ASSIGNED TASK>
Copy out precisely the line that holds "This plus size" and all the lines following it in the data, up to and including the last one, and no others.

(Collected data entries)
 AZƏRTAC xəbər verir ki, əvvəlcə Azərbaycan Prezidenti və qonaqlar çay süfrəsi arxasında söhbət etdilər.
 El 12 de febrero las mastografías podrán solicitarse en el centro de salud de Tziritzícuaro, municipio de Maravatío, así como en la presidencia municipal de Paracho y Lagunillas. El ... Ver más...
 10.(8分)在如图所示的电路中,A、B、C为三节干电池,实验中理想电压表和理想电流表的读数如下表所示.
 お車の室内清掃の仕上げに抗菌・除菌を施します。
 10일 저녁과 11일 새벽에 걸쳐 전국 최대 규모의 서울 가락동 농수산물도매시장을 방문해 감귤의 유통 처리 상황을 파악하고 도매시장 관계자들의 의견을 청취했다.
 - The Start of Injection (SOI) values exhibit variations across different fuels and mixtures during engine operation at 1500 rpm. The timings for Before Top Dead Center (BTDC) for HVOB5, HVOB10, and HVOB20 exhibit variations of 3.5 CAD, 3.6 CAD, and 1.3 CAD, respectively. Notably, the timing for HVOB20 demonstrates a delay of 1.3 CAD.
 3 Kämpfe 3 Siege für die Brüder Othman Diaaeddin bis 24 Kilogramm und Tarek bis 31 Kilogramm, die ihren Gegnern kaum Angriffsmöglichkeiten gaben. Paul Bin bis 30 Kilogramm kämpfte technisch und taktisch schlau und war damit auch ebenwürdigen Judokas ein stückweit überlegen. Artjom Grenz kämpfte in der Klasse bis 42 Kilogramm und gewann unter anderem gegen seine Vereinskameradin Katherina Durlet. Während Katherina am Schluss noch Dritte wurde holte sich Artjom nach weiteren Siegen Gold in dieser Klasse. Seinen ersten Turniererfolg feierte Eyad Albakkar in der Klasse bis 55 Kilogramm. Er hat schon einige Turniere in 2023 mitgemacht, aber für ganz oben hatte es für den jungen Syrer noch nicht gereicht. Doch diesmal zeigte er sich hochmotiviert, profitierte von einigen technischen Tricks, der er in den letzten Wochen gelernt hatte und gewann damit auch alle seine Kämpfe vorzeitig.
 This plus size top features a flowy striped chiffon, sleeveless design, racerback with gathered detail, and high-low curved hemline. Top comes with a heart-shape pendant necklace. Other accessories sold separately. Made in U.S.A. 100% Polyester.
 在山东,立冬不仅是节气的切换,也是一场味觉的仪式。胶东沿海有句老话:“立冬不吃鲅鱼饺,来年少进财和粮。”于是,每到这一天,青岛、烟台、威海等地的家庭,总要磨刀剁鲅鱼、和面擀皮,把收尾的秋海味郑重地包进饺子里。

ANSWER TO THIS EXERCISE>
 This plus size top features a flowy striped chiffon, sleeveless design, racerback with gathered detail, and high-low curved hemline. Top comes with a heart-shape pendant necklace. Other accessories sold separately. Made in U.S.A. 100% Polyester.
 在山东,立冬不仅是节气的切换,也是一场味觉的仪式。胶东沿海有句老话:“立冬不吃鲅鱼饺,来年少进财和粮。”于是,每到这一天,青岛、烟台、威海等地的家庭,总要磨刀剁鲅鱼、和面擀皮,把收尾的秋海味郑重地包进饺子里。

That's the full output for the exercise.